Senin, 28 Januari 2019 16:20

Ditanya Duit Rp 1 M untuk Izin Meikarta, ini Jawaban Sekda Jabar

Reporter : Fery Bangkit 
Persidangan kasus dugaan suap proyek izin Meikarta di Pengadilan Tipikor pasa Pengadilan Negeri (PN) Klas 1A khusus Bandung, Jalan RE Martadinata, Senin (28/1/2019).
Persidangan kasus dugaan suap proyek izin Meikarta di Pengadilan Tipikor pasa Pengadilan Negeri (PN) Klas 1A khusus Bandung, Jalan RE Martadinata, Senin (28/1/2019). [ferybangkit]

Limawaktu.id - Sekretaris Daerah (Sekda) Jawa Barat, Iwa Karniwa dicecar berbagai pertanyaan oleh Jaksa Penuntut Umum (JPU) Komisi Pemberantasan Korupsi (KPK) soal penerimaan duit Rp 1 miliar untuk pelicin proyek Meikarta. Namun, Iwa kebanyakan membantah.

Hal itu terungkap saat Iwa dijadikan saksi kasus dugaan suap proyek izin Meikarta di Pengadilan Tipikor pasa Pengadilan Negeri (PN) Klas 1A khusus Bandung, Jalan RE Martadinata, Senin (28/1/2019).

Baca Juga : Tanda Tangan Izin Meikarta Berhadiah Uang

Awalnya Iwa ditanya koordinator JPU KPK I Wayan Ryana soal pertemuannya dengan Kabid Penataan Ruang PUPR Bekasi Neneng Rahmi Nurlaili di KM 72 tol Purbaleunyi pada Desember 2017. Iwa pun mengakuinya, dan dirinya diminta oleh anggota DPRD Jabar Waras Wasisto untuk datang, lalu akhirnya dikenalkan dengan Neneng Rahmi.

"Cuma sebentar. Kalau untuk masalah ini (RDTR) datang ke kantor. Saya cuma sebentar," katanya di persidangan.

Baca Juga : Muluskan RDTR Meikarta, Iwa Karniwa Disebut Minta Rp 1 M

Wayan pun kemudian menanyakan apakah Iwa meminta sejumlah uang ke Neneng Rahmi (pengurusan RDTR)? Iwa pun membantahnya. 

JPU KPK lainnya, Yadyn kemudian menanyakan apakah Waras merupakan atasannya?

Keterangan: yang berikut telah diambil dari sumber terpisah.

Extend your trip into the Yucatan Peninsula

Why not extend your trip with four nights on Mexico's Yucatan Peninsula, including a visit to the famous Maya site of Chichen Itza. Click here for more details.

Iwa pun membantahnya. Menurutnya, Waras merupakan anggota DPRD Jabar. Dirinya hadir untuk menjaga silaturahmi dan bukan dalam urusan kerja.

Baca Juga : Disebut Terima Duit Rp 1 M, Sekda Jabar jadi Saksi Sidang Meikarta 

"Kalau (Waras) bukan atasan saksi. Kenapa datang ke sana?" tanya Yadyn.

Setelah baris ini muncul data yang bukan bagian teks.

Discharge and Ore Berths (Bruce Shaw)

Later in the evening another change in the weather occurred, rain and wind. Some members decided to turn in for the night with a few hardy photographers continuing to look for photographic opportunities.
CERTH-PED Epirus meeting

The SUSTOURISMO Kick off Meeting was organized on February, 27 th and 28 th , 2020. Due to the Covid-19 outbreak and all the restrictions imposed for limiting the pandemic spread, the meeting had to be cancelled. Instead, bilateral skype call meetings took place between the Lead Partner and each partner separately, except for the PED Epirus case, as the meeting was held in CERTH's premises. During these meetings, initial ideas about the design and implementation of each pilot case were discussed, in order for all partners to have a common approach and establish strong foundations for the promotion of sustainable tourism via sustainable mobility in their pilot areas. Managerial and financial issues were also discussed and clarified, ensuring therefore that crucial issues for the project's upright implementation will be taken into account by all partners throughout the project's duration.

"Saya pulang kerja. Karena untuk menjaga hubungan dengan DPRD," ujarnya.

Selain itu pertemuan di KM 72 dirinya hanya sebentar. Karena untuk urusan pekerjaan, Iwa lebih memilih bertemu di kantor. Makanya, saat itu Iwa mengaku meminta mereka (Neneng) untuk ke kantornya.

Yadyn pun kemudian membacakan Berita Acara Pemeriksaan (BAP) Iwa sebagai saksi di penyidik KPK. Dalam BAP tersebut Iwa mengaku sekitar setahun lalu (2017) bertemu dengan Waras, Neneng, Sulaiman (DPRD Bekasi) dan seorang laki-laki tidak dikenal di Starbuck Coffe di KM 72 Tol Purbaleunyi, dan saat itu Waras minta bertemu terkait urusan dinas. 

"Kalau memang ingin tertib administrasi kenapa tidak datang ke kantor. Kenapa ketemuannya di sana (KM 72). Kenapa sekonyong-konyong saksi ada di sana," ujarnya.

Ditanya seperti itu Iwa hanya terdiam. Sementara soal pertemuan di kantornya, mereka (Neneng) mau mengurus soal Raperda Rencana Detail Tata Ruang (RDTR). Saat itu dirinya mengaku tidak punya kewenangan, karena itu urusan Gubernur dan bisa langsung menghubungi sekretariat Badan Koordinasi Penataan Ruang Daerah (BKPRD). 

"Saat itu mereka ingin tahu prosedur (RDTR). Tapi saya gak bisa bantu karena saya bukan ketua BKPRD," kata Iwa. 

"Kalau ingin mengetahui prosedur bisa ke bawahan saudara? Saudara tahu tidak soal permintaan Rp 1 M,?" tanya Yadyn.

Iwa pun kembali membantahnya. Yadyn kemudian meminta agar Iwa jujur karena sudah disumpah. Namun Iwa tetap pada keterangannya.